El 25% de la población mundial tiene algún tipo de trastorno mental, lo que equivale a una de cada cuatro personas[1]. Sea mayor o menor el número de personas que viven con algún tipo de trastorno mental, no hay excusa para la discriminación. Nuestra cultura nos enseña a burlarnos y excluir a aquellos que consideramos “diferentes” y, en este caso, son muchas las personas que se encuentran marginadas por este motivo. Sin embargo, no nos paramos a pensar en que, en la sociedad que vivimos, todos estamos enfermos, a costa de que este tipo de sistema siga sobreviviendo. Y es precisamente porque la sociedad está enferma, por lo que se dan los diferentes tipos de discriminación, entre ellos, el cuerdismo.

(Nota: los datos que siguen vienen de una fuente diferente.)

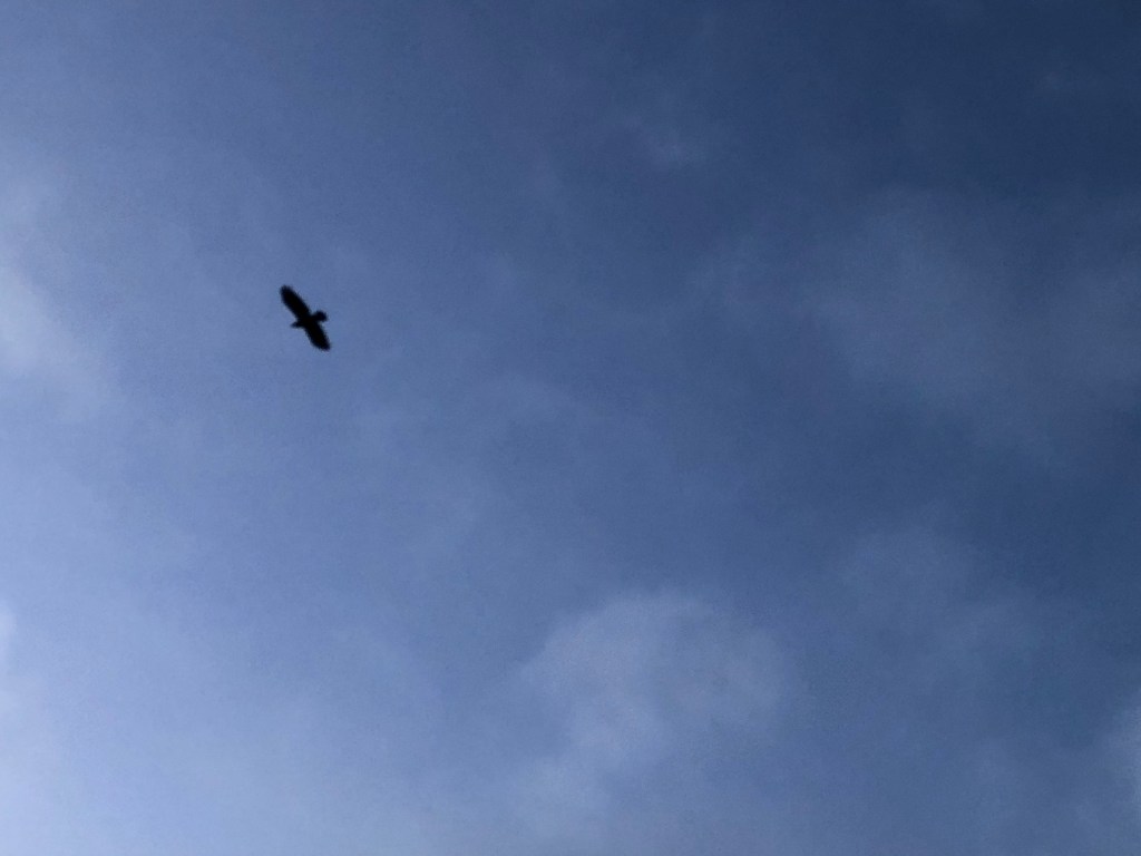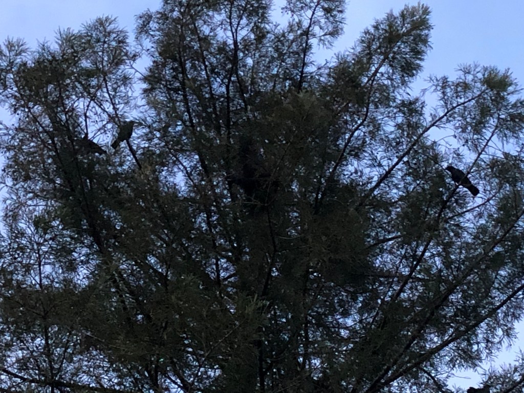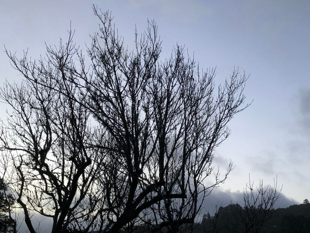 And now I look up and a squirrel is running along the branches of the redwood tree outside my window. Who wants to romp, squirrel or me? And now I look at the trunk of the tree. Let contentment root. Birds are tweeting and threading movement in the sky. There are no clouds today, and the blue seems still until a hawk, crow, raven, or vulture sweeps through.
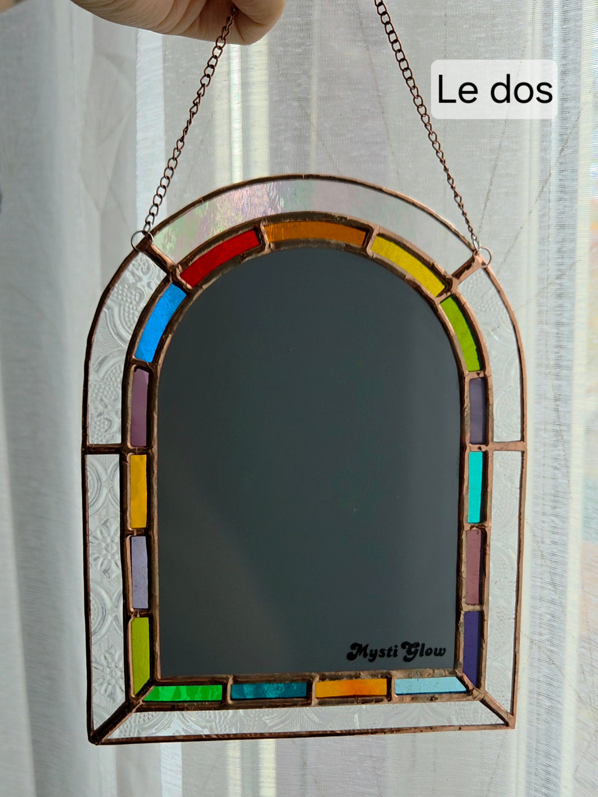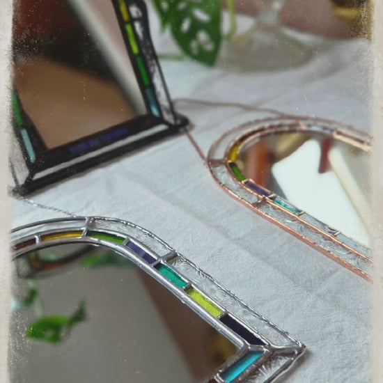 Ce miroir magique est personnalisable et fabriqué à partir de chutes de verre coloré recyclées . Chaque pièce est unique et réalisée selon tes choix, pour apporter une touche magique à ton intérieur.
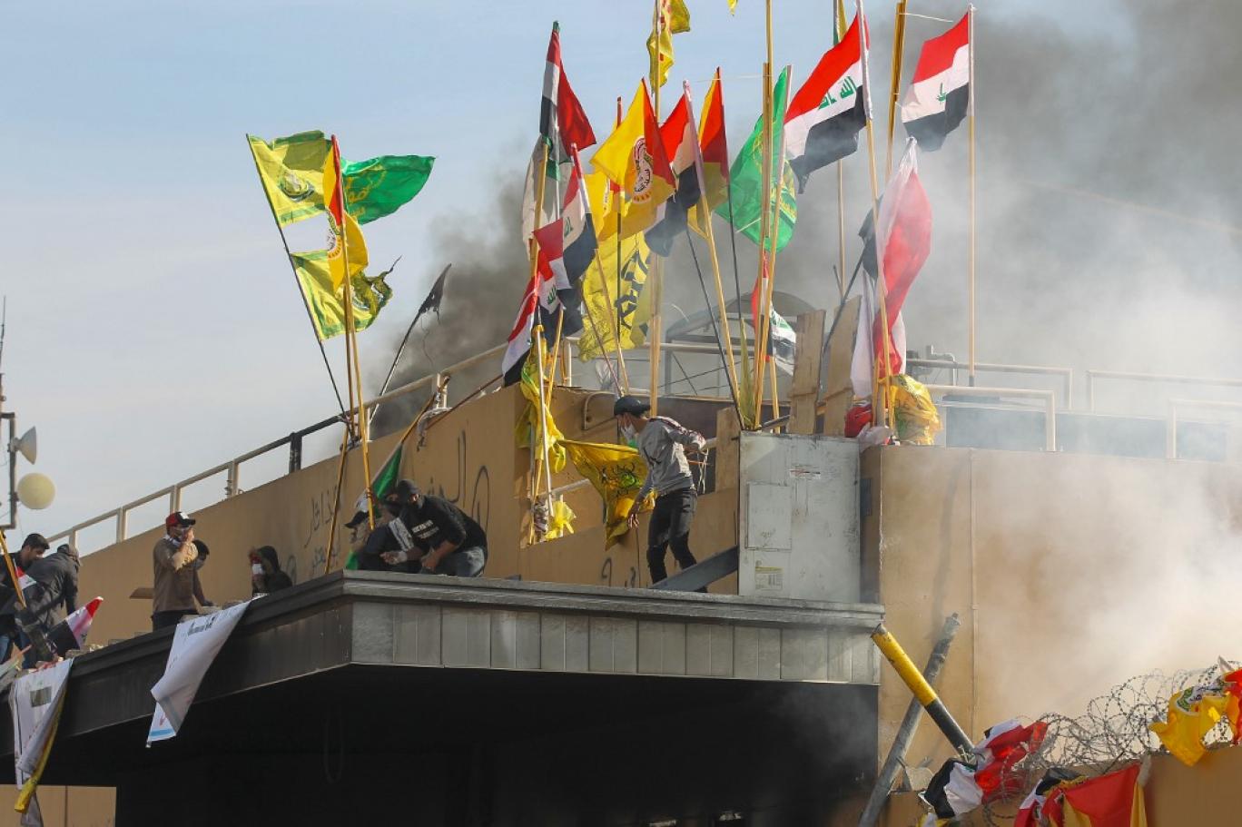 اتجهت إيران إلى تصعيد الموقف، فتحرَّك هادي العامري وقيس الخزعلي وغيرهما من قادة الحشد الموالي لها، بتظاهرة ضد السفارة الأميركيَّة، وبتواطؤ ملحوظ من رجال الأمن تسلل المتظاهرون إلى المنطقة الخضراء العصيَّة على الدخول، واقتحموا حدود السفارة، وأحرقوا بوابات الحمايَّة، لتنغص على إدارة ترمب ليلة رأس السنة الميلاديَّة، خصوصاً أن كتائب حزب الله نصبت خيام الاعتصام تجاه مبنى السفارة بالمنطقة الخضراء، معلنةً مرحلة مشابهة شيئاً ما لِما جرى للسفارة الأميركيَّة في طهران عام 1979.
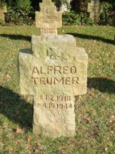 The unit was named after Major Walter “Tiger of Wolchowstroj” Nowotny and was tasked with testing the Me 262 under operational conditions. Teumer, who had received some training on the Me 262 at Rechlin, was killed in a flying accident on 04-10-1944, aged 26, in Hesepe near Osnabrückat Hesepe airfield. His Me 262 A-1a  had suffered engine failure during the landing approach. Alfred is buried at Bramsche ev.Friedhof St.Martin, Bad Iburg, Landkreis Osnabrück, Lower Saxony, Germany.
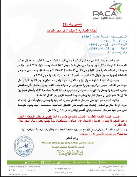 جو24 هيكا تجتاح بحر العرب والسلطات العمانية تحذر
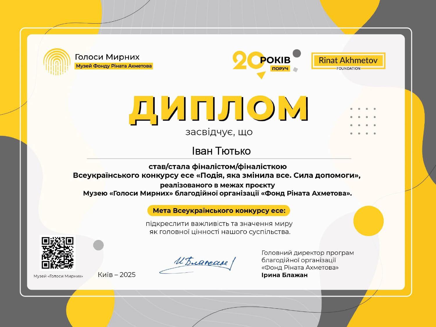 Такі ініціативи, як цей конкурс есе, мають величезне значення для формування свідомого та патріотичного покоління. Вони не лише виявляють літературні обдарування, а й виховують почуття вдячності, поваги та гордості за свою країну та її героїв. Успіх Івана Тютюшка – це спільна перемога, яка демонструє, що навіть у найскладніші часи українська молодь залишається джерелом натхнення, світла та надії. Ми пишаємося досягненнями нашого юного таланту і бажаємо йому подальших звершень, які сприятимуть світлому та мирному майбутньому України.

La estigmatización de la enfermedad mental tiene muchas veces, como consecuencia, el autoestigma: “el estigma internalizado se ha relacionado con creencias de desvalorización y discriminación, con disminución de la calidad de vida, la autoestima, la autoeficacia y el agravamiento de los síntomas.”[2] De modo que además de soportar la carga de la opresión externa, podemos llegar a dañarnos todavía más a nosotros mismos con esa supuesta valoración negativa a la que debemos someternos.
“El estigma que este colectivo sufre no está sencillamente arraigado en la carencia de información, aun cuando también colabora negativamente sino que está arraigado en las personas, en las familias, en la sociedad misma. Muchos de los mitos sobre el enfermo mental especialmente el de la violencia y el de la incapacidad son transmitidos de unos a otros, en las familias, en los medios de comunicación, en el cine, etc. contaminando todas las actividades sociales.”[3]